Caveman English: A Token & Context Saver for Claude Code
When you write to Claude, every "the", "please", and "could you" costs tokens. Multiplied across a long Claude Code session, polite English is one of the most expensive things you ship into context.
Caveman English strips prompts to a telegraphic core: drop articles, drop fillers, keep verbs and nouns. The model still understands. You save 30–50% of input tokens — and just as importantly, you save context window, which is the harder limit to hit on long sessions.
What it looks like
Before:
Could you please refactor the Frontend.elm file to extract the navigation
into its own module, and make sure the existing tests still pass?
After:
refactor Frontend.elm: extract nav into own module. tests must still pass.
Same instruction, ~55% fewer tokens. Claude follows it identically.
Why it works
LLMs are robust to grammatical noise. Articles ("a", "the"), modal politeness ("could you", "would you mind"), and hedges ("maybe", "if possible") are mostly redundant given the imperative verb that follows. The model uses the content words — verbs, nouns, file paths, constraints — to plan its response. The function words barely move the needle on instruction adherence.

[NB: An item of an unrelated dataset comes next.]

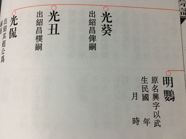 何光黁是中国福建省福鼎市秦屿镇太姥洋村人,生父何昌鈺,生母陳氏,光黁出生于公元一八九六年五月十六卯時,若健在121岁,家中有四个兄弟,分别叫光葵、光丑、光侃,他是大哥,因生活在农村山区家境贫寒,他为了支撑家中光景,改变家人生活,他同叔叔昌樸以及村中族人一起,从厦门坐船飘洋过海,去了当时的南洋。做苦力与包工头多年,并开店做起生意。后来又娶南洋女子林氏为妻出生于公元一九二零年六月二十日辰时,并在南洋养育三男三女,分别名叫:大伯明淋(字以洋,出生于公元一九四一年四月初九辰时,今年76岁)二伯明木、三伯明鸚,姑姑:秀兰、秀珠、秀英。我们何氏家族的辈份排行是:奕、世、其、昌、光、明、正、大。
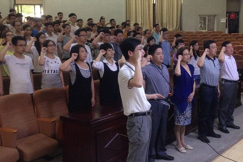 苏国红指出,入党宣誓是对建党94周年的隆重纪念,也是对全体党员的一次深刻教育。近年来,学校在人才培养、科学研究、社会服务、文化传承创新等方面均取得了显著的成绩,在国内、省内的影响力逐步提升。成绩的取得得益于校党委的坚强领导,是全体师生员工特别是全校各级党组织、全体共产党员共同努力的结果。她希望全体党员,一是要牢记入党誓词,努力去践行自己对党表达的决心。二是要坚定理想信念,树立远大的共产主义理想和坚定的信念,不为眼前的各种复杂现象所困惑。三是要珍惜荣誉、担起责任,按照“五带头”的要求,“诚实做人、踏实做事、扎实做学问”,真正做到“干在实处、走在前列”,成为身边同学学习的标杆和榜样,用实实在在的行动和成绩帮助同学、信服同学、带动同学。她强调,一个党员就是一面旗帜,全体党员都要牢记责任和承诺,紧紧围绕学校发展目标任务,确立成长成才目标,共同为实现“中国梦”、“强校梦”、“成才梦”而不懈奋斗。

Where caveman English does lose something: nuance and tone. If the difference between "rewrite this" and "consider whether a rewrite is appropriate" matters for your task, keep the long form. For 90% of dev work — fix this, build that, refactor X, run Y — telegraphic style is enough.
Rules of thumb
- Keep the verb first.
refactor X,add Y,fix Z,run tests. The verb tells Claude what mode it's in. - Drop articles. "the file", "a function", "an error" — gone. Almost never matters.
- Drop politeness. No "please", no "could you", no "would you mind". Claude doesn't need encouragement.
- Keep specifics. File paths, function names, error messages, line numbers — these are content words, never strip them.
- Keep constraints. "no new deps", "must pass tests", "don't touch CSS" — these are load-bearing.
- Keep the why when it changes the answer. "fast for prod" vs "readable for review" → different output. Worth the tokens.
What you save
Two things, and the second matters more:
- Input tokens = direct cost. ~30–50% reduction on prompt text. Real money on long Claude API sessions.
- Context budget = the harder limit. Every prompt, every tool call, every file read goes into a fixed-size window. Caveman prompts leave more room for Claude's output and for the next turn. On a 200k window with 50 tool calls, this compounds.
Output tokens are unaffected — Claude still writes full English in responses. Only your half of the conversation gets compressed.
The bigger win: make Claude speak Caveman too
Compressing your prompts saves input tokens. But the much bigger win is telling Claude to reason and respond in Caveman English — because output tokens cost ~5× more than input tokens at the API level, and Claude is naturally verbose.
One instruction in your CLAUDE.md, system prompt, or first message:
Respond in caveman English. Drop articles, drop politeness,
drop hedges. Verbs first. No preambles ("Great question!",
"Let me think...", "I'll now..."). Skip closing pleasantries.
Just answer.
What it changes:
- Final responses shrink 30–60% with zero information loss. The "Sure! Let me look at that..." → "I'll now check the file..." → "Let me know if..." sandwich alone is a brutal token tax across hundreds of turns.
- Extended thinking / reasoning blocks (when enabled) compress in the same way — fewer tokens spent on internal deliberation, faster latency, lower cost.
- Tool-using sessions (Claude Code, agentic loops): every tool call is followed by a response chunk. Multiplied across 50+ tool calls in a single session, the saved output tokens dominate everything else.
Pricing reality check (Anthropic API, mid-2026): every output token is roughly 5× the price of an input token across Sonnet, Opus, and Haiku. So shaving 30% off output text outweighs shaving 50% off input text. Both compound.
Caveat: you lose the teaching tone — Claude won't volunteer the why unless asked. For ship-it dev work that's a feature. For learning a new domain, drop a one-shot "explain in full English for this answer" when you actually want the lecture.
When NOT to use it
- First message of a session when you're framing intent and constraints. Spend the tokens, set the stage.
- Architecture discussions where nuance matters.
- Code review prompts where you want Claude to explain why, not just what.
- Anything user-facing. Don't ship caveman English into commit messages, PRs, or docs. It's a private input compression scheme.
Concrete savings
Here is the same task to Claude Code, both styles:
# Polite (52 tokens)
Could you please look at the failing test in tests/AuthSpec.elm and figure out
why it's broken? It started failing after the last commit. Don't change any
production code unless absolutely necessary.
# Caveman (28 tokens)
tests/AuthSpec.elm: failing since last commit. find cause. fix in test only,
not prod code.
46% reduction. Same outcome. Now imagine 100 prompts in one session.
Bottom line
Treat your prompts like commit messages, not emails. Imperative, terse, content-rich. Save the tokens for what Claude is going to do, not what you're going to say.